With a little more work, the team got the artificial limb’s wrists and fingers to bend and the forearm to rotate, a much more natural set of motions than currently available, Goldfarb said.

At present, the Vanderbilt arm is designed to accommodate only one pH canister, which will last for about 18 hours under ordinary use. When a full arm model comes out, the amount of room for storage of pH canisters will increase.

“Once you go into the upper arm, you almost double the space,” Goldfarb said. “What we would do is just have a larger cartridge” of perhaps 300 ml capacity, a 50% boost in capacity compared to the current canister of 200 ml. The move to a full-arm design might allow for multiple pH canisters, and in terms of engineering, should not create new dilemmas.

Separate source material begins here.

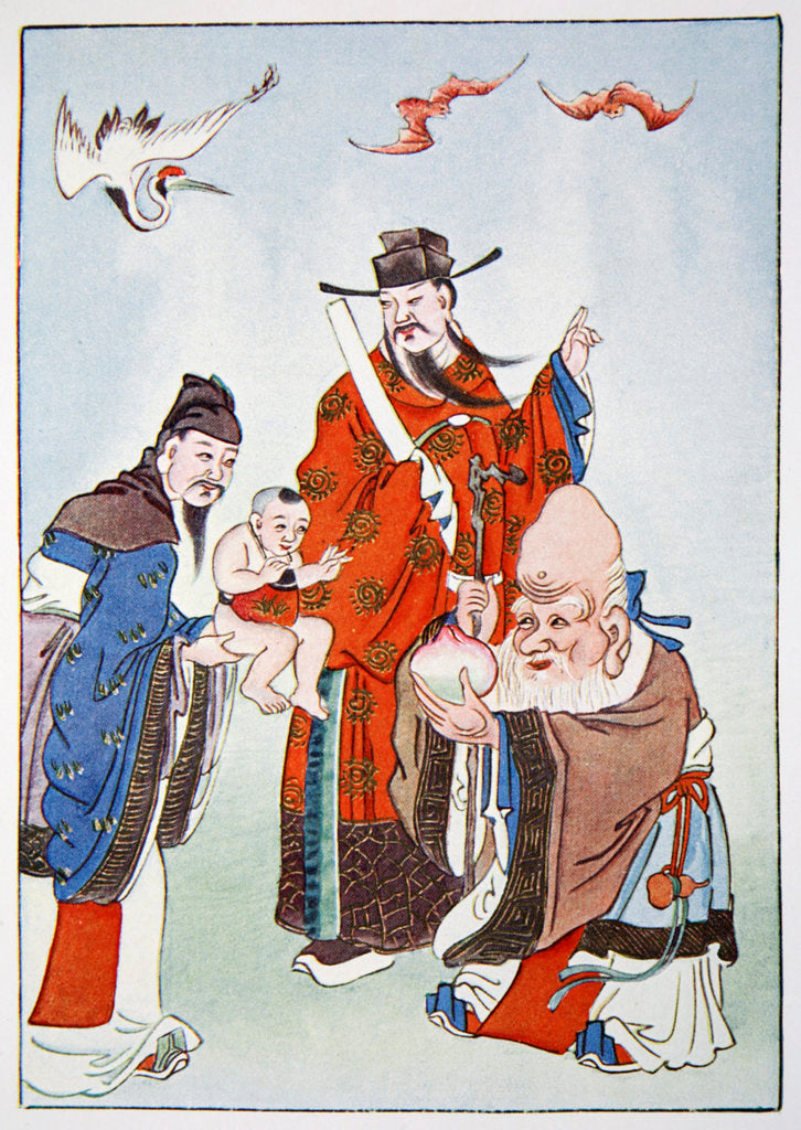 The Gods of Happiness, Office and Longevity, 1922. From Myths and Legends of China, by Edward TC Werner, published by George G Harrap & Co, 1922.

“It arguably gets easier, not harder” to replicate the mechanical behavior of the upper arm, Goldfarb said.

Once such an artificial arm is installed, the patient will need a neurological connection to the prosthetic in order to make use of it. Goldfarb said that neurobiologists are working on interfaces between prosthetics and the human nervous system, but this part of the task is still in preliminary stages.

The DARPA funding is part of a project known as Revolutionizing Prosthetics 2009, which Johns Hopkins University (Baltimore) is administering for DoD, and two other teams are moving forward with their designs as well. Consequently, Goldfarb cannot be certain that funding for the Vanderbilt arm will remain steady.

The agency wants a commercially viable model by 2009, hence the name of the program, and Goldfarb said that the novelty of using pH as a power source may extend the regulatory timeline for the Vanderbilt arm to beyond that date.

On the other hand, the device market is flush with cash, and Goldfarb said he is confident about the Vanderbilt arm’s prospects.

“We have made so much progress and gotten such positive feedback from the research community that I’m certain we’ll be able to keep going.”